Yesterday there was sun and rain. We both woke up congested with scratchy throats from the pollen and I was so tired I thought maybe I’d come down with a cold. You could barely breathe through your nose but you didn’t seem to notice. You were just as sunny as you always are — or often are. Or maybe as I tend to see you, regardless of how you are. One of the gifts I received when I became your mother was a sort of second sight. Even when you’re driving me up the wall I can’t help but notice how glimmers of perfection poke out around your edges.
The day passed slowly at first — warm sun on the back patio and a short call with your grandparents. They miss us so much but the truth of being together keeps us apart. When we say I miss you we mean we miss how things would be if we were all just a little better than we are. A little more forgiving, a little more flexible, a little less stuck in our ways. Loving your family is standing hand in hand and saying I would love you perfectly if only I could. We are nostalgic for the wholeness of that kind of love even though we’ve rarely known it.

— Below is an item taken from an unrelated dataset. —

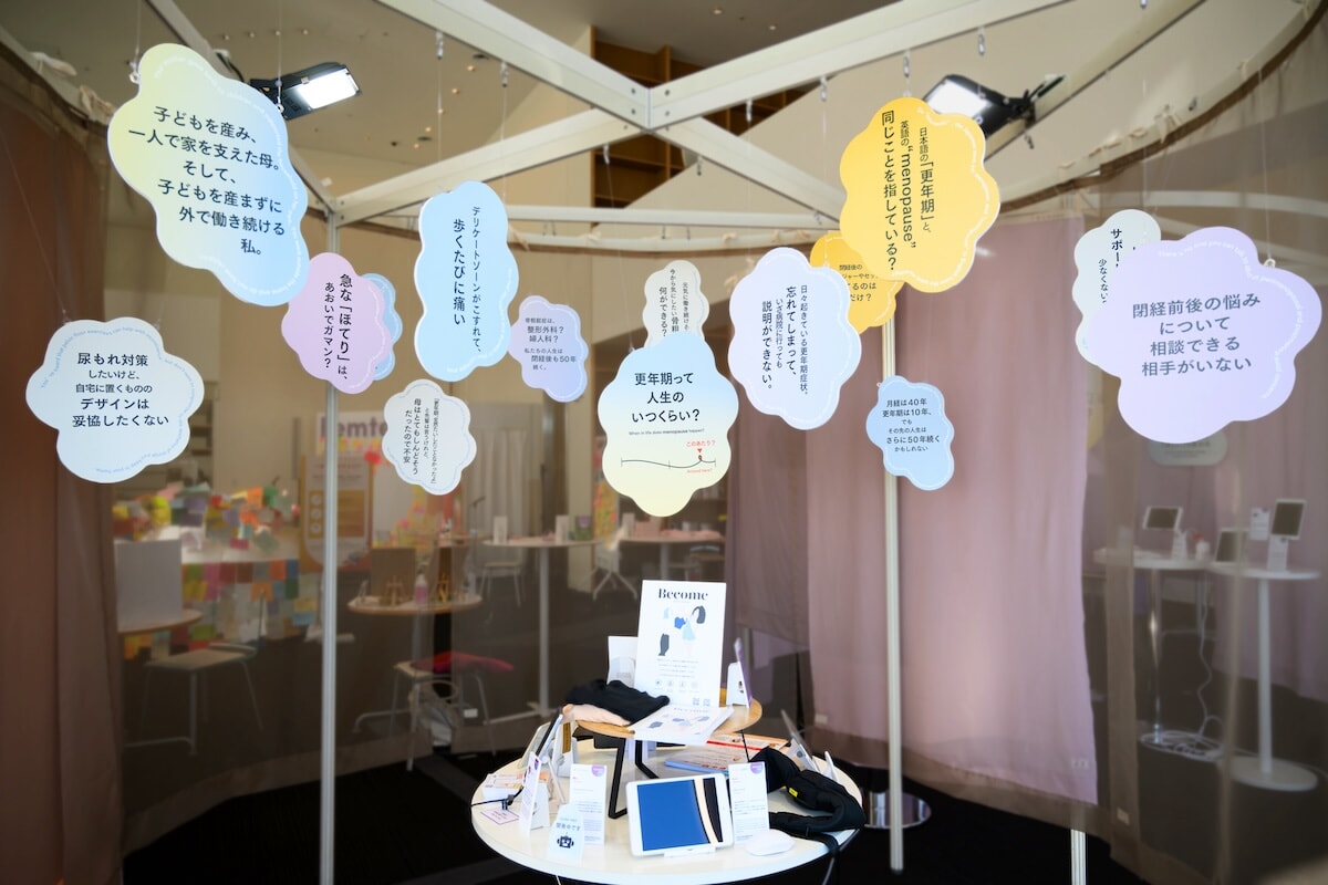 更年期についての最新の研究や、デバイスなどが展示されているスペースも。

Except for yesterday. Some days are perfect.
The morning sun was replaced with wind and wet by noon and I let you play video games for too long because I was too tired to come up with something else for us to do. Weekends have steadily broken into awkward chunks by scheduled activities. With all the gearing up and snack packing and did-you-get-the-water-bottle for the 9AM soccer practice there is rarely a stretch of time long enough to lay flat and unfurl. All the going throws us together in a flapping, haphazard way — everyone rustling in different directions towards the next thing while counting the minutes until we can finally sit down and rest. When the day is over and I’m curled up with you at bedtime I sometimes realize I haven’t seen you at all.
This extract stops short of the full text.